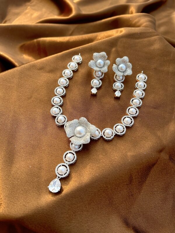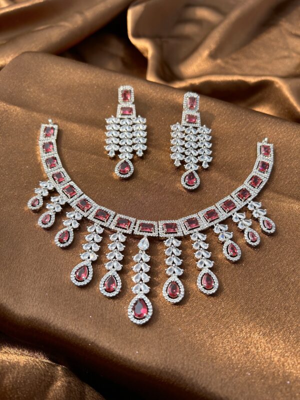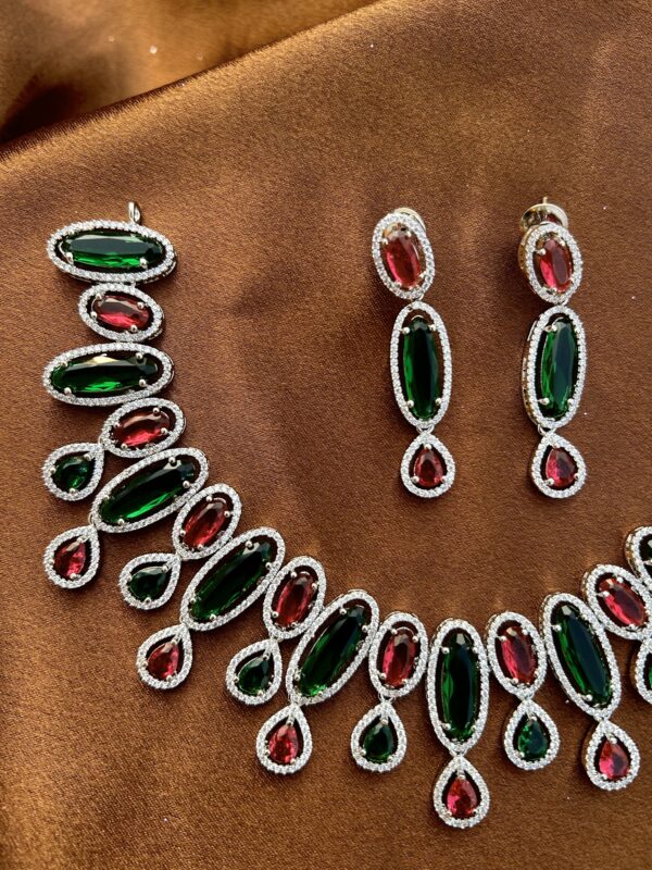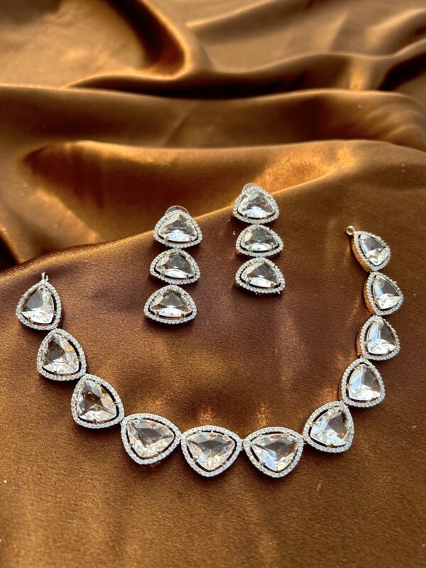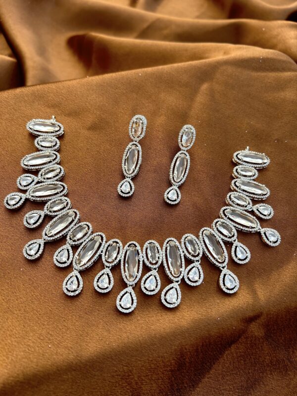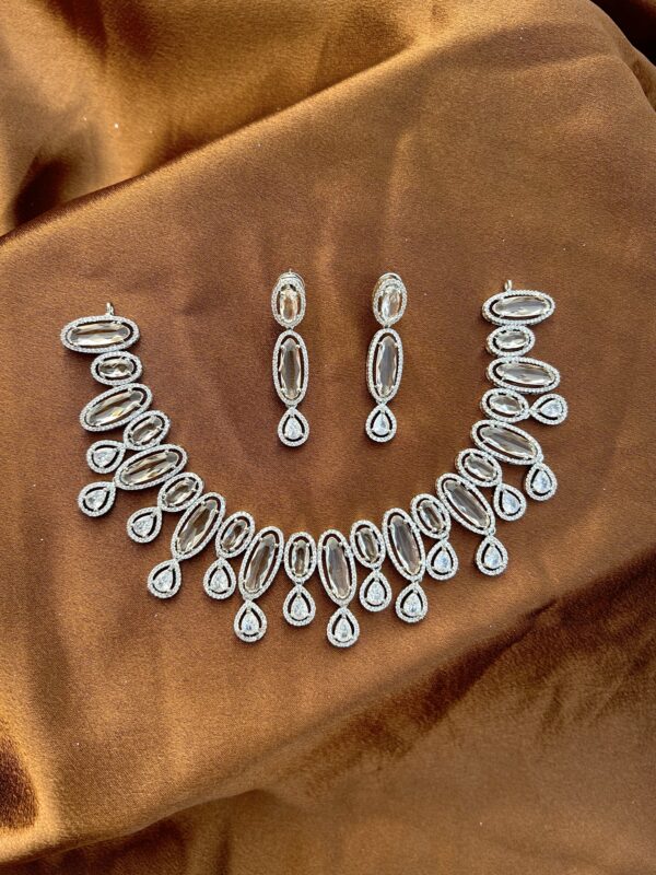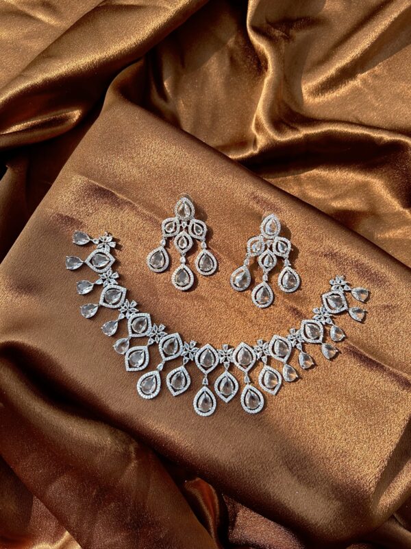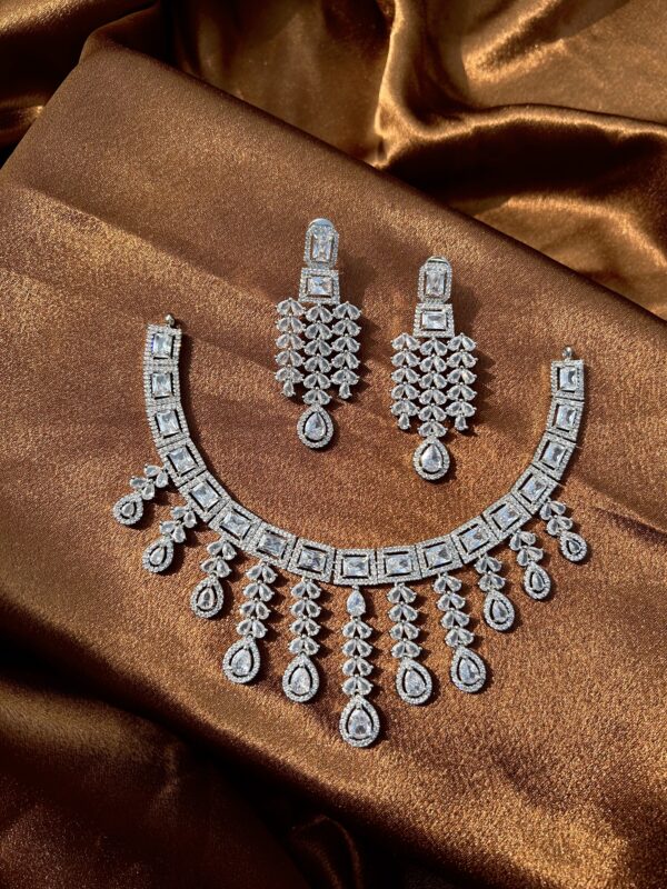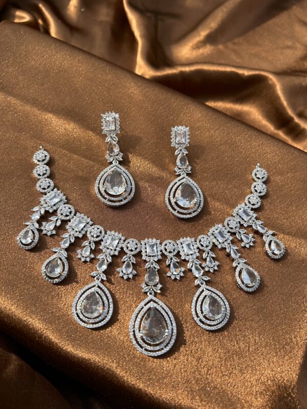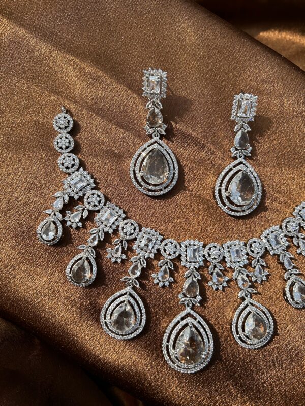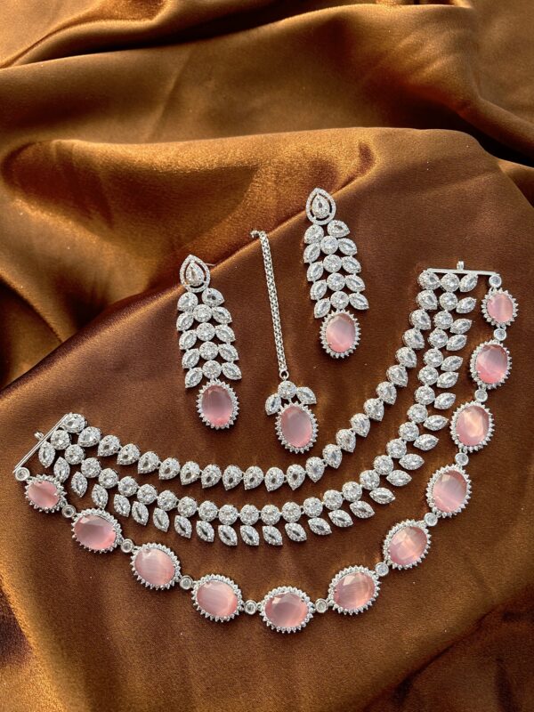 AD Necklace 3 Layer Set With Mangtika – Silver
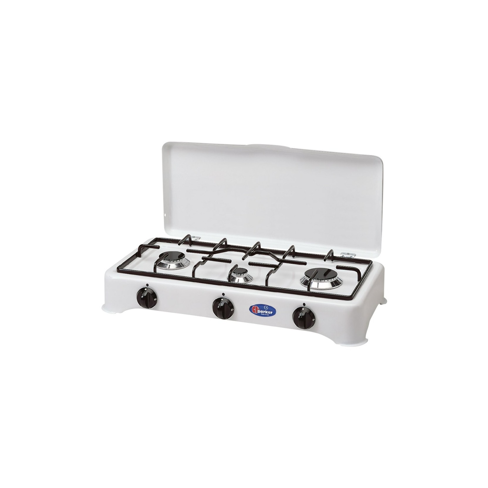 Fornello a gas METANO a 3 fuochi, smaltato bianco con coperchio.
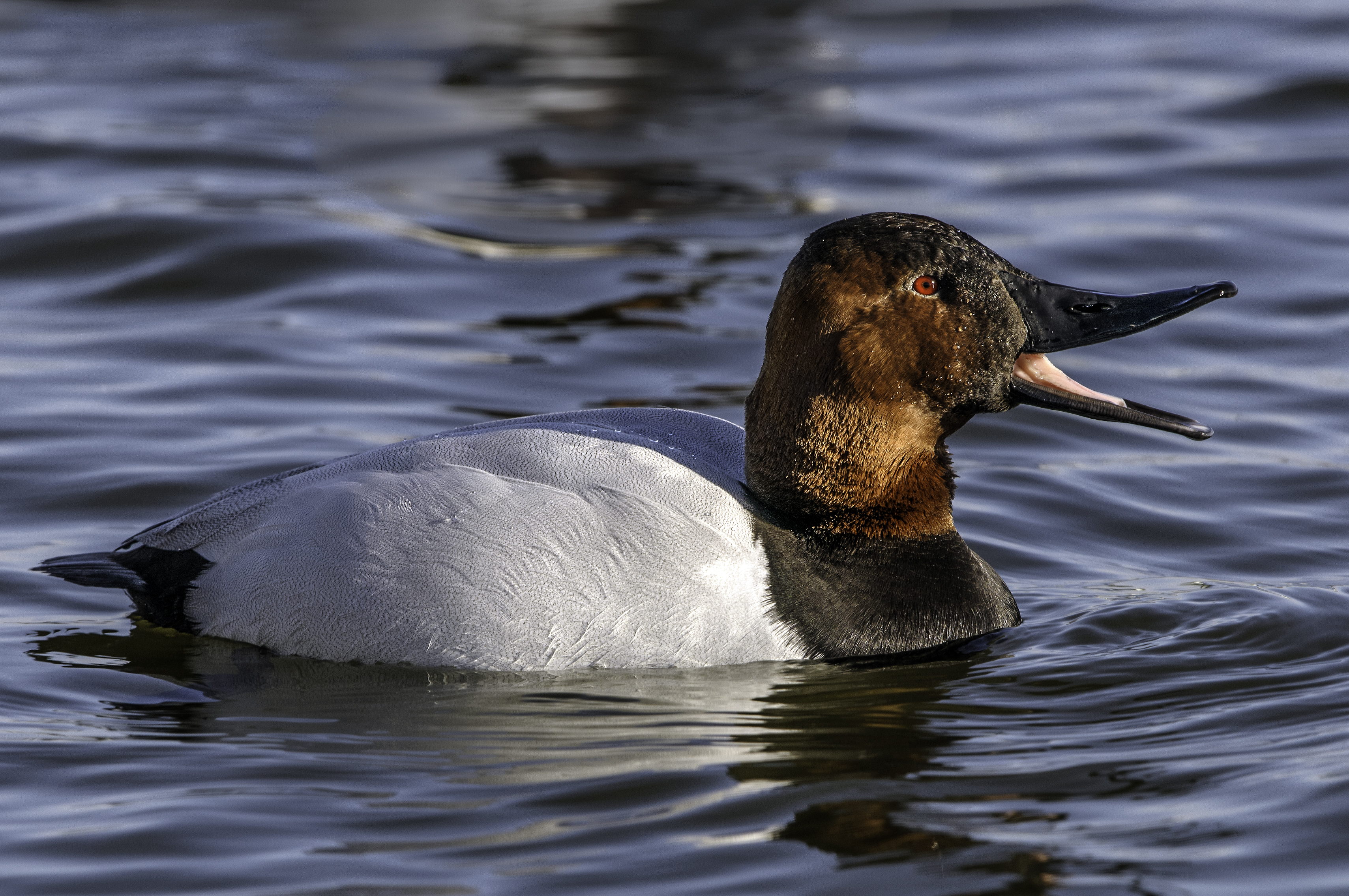 If you read my blog article from a couple days ago, you know that on January 29 I had a very successful trip to Cambridge, Maryland, to photograph ducks. In that article, I posted images of 2 of the 6 species of ducks that I photographed on the Choptank River. In this article, I am including the other 4 species:  Canvasbacks (above image), Lesser Scaups, Ring-necks, and a Redhead.
- - - -
▸ **Exercise description**:
From the line with "Fornello a gas" through the final line of the data above, copy everything exactly, both ends included, but not the pictures.

▸ **Response**:
 Fornello a gas METANO a 3 fuochi, smaltato bianco con coperchio.
 If you read my blog article from a couple days ago, you know that on January 29 I had a very successful trip to Cambridge, Maryland, to photograph ducks. In that article, I posted images of 2 of the 6 species of ducks that I photographed on the Choptank River. In this article, I am including the other 4 species:  Canvasbacks (above image), Lesser Scaups, Ring-necks, and a Redhead.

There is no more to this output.